My Real Meat Cookbook was published thirty years ago, with the message that far from wanting to encourage carnivores, we should be eating much less but 'better' meat.

I wrote about meat from animals raised to the highest welfare standards, often rare breeds, so important to the biodiversity of these islands. Meat produced in this way is expensive, a treat for high days and holidays, and this was the thesis of my book, crammed full of recipes to last a lifetime of eating meat only occasionally.

How relevant today, with the price of meat and products such as butter, cream and cheese rising apace, not to mention the cost of switching on the oven for the Sunday roast, which will probably soon be regarded as a culinary curiosity.

My oven is switched off. I have, in recent weeks, dusted down a pressure cooker, a slow-cooker and a venerable Breville Country Kitchen cast iron electric frying pan; pieces of kit I acquired early on in my career as a food writer, and not much used since. All of these I have been using to cook so-called lesser cuts of meat, from ribs, bellies and legs; less expensive perhaps, but so very tasty.

I use the pressure cooker - actually a compact and easy to handle pressure frying pan - for smaller cuts, such as pork ribs and lamb shoulder shanks. Last week I used it for my favourite pork and rice with Iberian aromatics, frying sliced onion and celery, then adding diced pork belly - with the skin on for the lovely lip-sticking finish, a splash of fino, some pimenton dulce and a little water; use stock, if you have it, and saffron if you can. I cooked it under pressure for 15 minutes and let the pressure drop. Then I added 100 grams of Valencia rice and 150 ml water, together with salt and pepper and brought the pan up to pressure for another 15 minutes. In a conventional oven I usually cook this dish for at least an hour, adding the rice half way through.

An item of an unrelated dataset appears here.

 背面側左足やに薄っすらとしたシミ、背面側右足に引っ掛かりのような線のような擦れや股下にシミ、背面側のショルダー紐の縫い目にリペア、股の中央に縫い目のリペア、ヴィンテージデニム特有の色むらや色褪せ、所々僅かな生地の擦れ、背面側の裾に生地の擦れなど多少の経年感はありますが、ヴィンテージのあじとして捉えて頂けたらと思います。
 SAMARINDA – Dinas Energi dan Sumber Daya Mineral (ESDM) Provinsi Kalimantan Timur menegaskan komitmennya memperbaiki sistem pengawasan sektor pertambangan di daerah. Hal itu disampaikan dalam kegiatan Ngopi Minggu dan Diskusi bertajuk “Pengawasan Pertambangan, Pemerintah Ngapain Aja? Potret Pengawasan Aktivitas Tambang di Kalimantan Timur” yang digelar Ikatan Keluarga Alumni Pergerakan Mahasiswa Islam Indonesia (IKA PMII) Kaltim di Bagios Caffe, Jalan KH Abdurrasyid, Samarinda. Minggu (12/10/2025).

The slow cooker came into its own with a piece of brisket. Again, I browned it all over, put it into the ceramic pot, tucked some halved shallots, carrot chunks and celery around the meat, added some seasoning, rosemary, a bay leaf and a splash of red wine. I put it on at 10am and it was perfect for dinner. This is going to become a winter favourite, served with horseradish mash. I will report in due course on the meatloaf, roasting, as I write, in my electric skillet.

On a local note, let us congratulate Pomona for celebrating their twentieth anniversary. Under Martin and Leslie's careful stewardship, this excellent shop goes from strength to strength, with fabulous and carefully sourced produce, much of it organic, whether cheese, meat, charcuterie or wine. I have a weakness for the chanterelles they sell at this time of year. They might sound expensive, but you only need about a hundred grams to make one of our favourite vegetarian dishes, a gratin of waxy potatoes and wild mushrooms. Without an oven, of course, the cheese on top does not brown in the microwave, but a scattering of parsley covers the gap.

On a vegetable note, I have just seen that the shallots I bought recently, not from Pomona, have come from New Zealand. New Zealand? Hello, air miles? To quote our new Prime Minister: That. Is. A. Disgrace.

Gratin of wild mushrooms and potatoes (Serves 2)

400 g waxy potatoes

100 g chanterelles or 200 g mixed mushrooms

Butter or olive oil

Seasoning

100-150 ml double cream or crème fraîche

100 ml milk

100 g grated cheese - see recipe

Finely chopped parsley

Method:

Slice the potatoes and par-boil until not quite tender. Clean and slice the mushrooms. Ideally, they should not be washed, just brushed or lightly scraped to remove any debris. Slice if large or leave whole, and gently fry in a mixture of butter and olive oil until just cooked through. The chanterelles have such a distinctive flavour that the smaller quantity is sufficient. If using oyster or chestnut mushrooms I would increase the quantity.

To assemble, butter an oven-proof or microwave-safe dish. Layer the potatoes and mushrooms, adding seasoning as appropriate, finishing with potatoes on top. Beat the milk and cream and pour over the potatoes. Scatter on the cheese. I have variously used Lancashire, Gruyère and Cantal; all good.

Bake for 30 minutes in a conventional oven, pre-heated to 180 or so, or cook on 600 w in the microwave for 4 to 5 minutes. Check and turn the dish round, then cook for a further 4 minutes. Let it stand for a few minutes before serving, and hide the lack of crustiness with a scattering of parsley.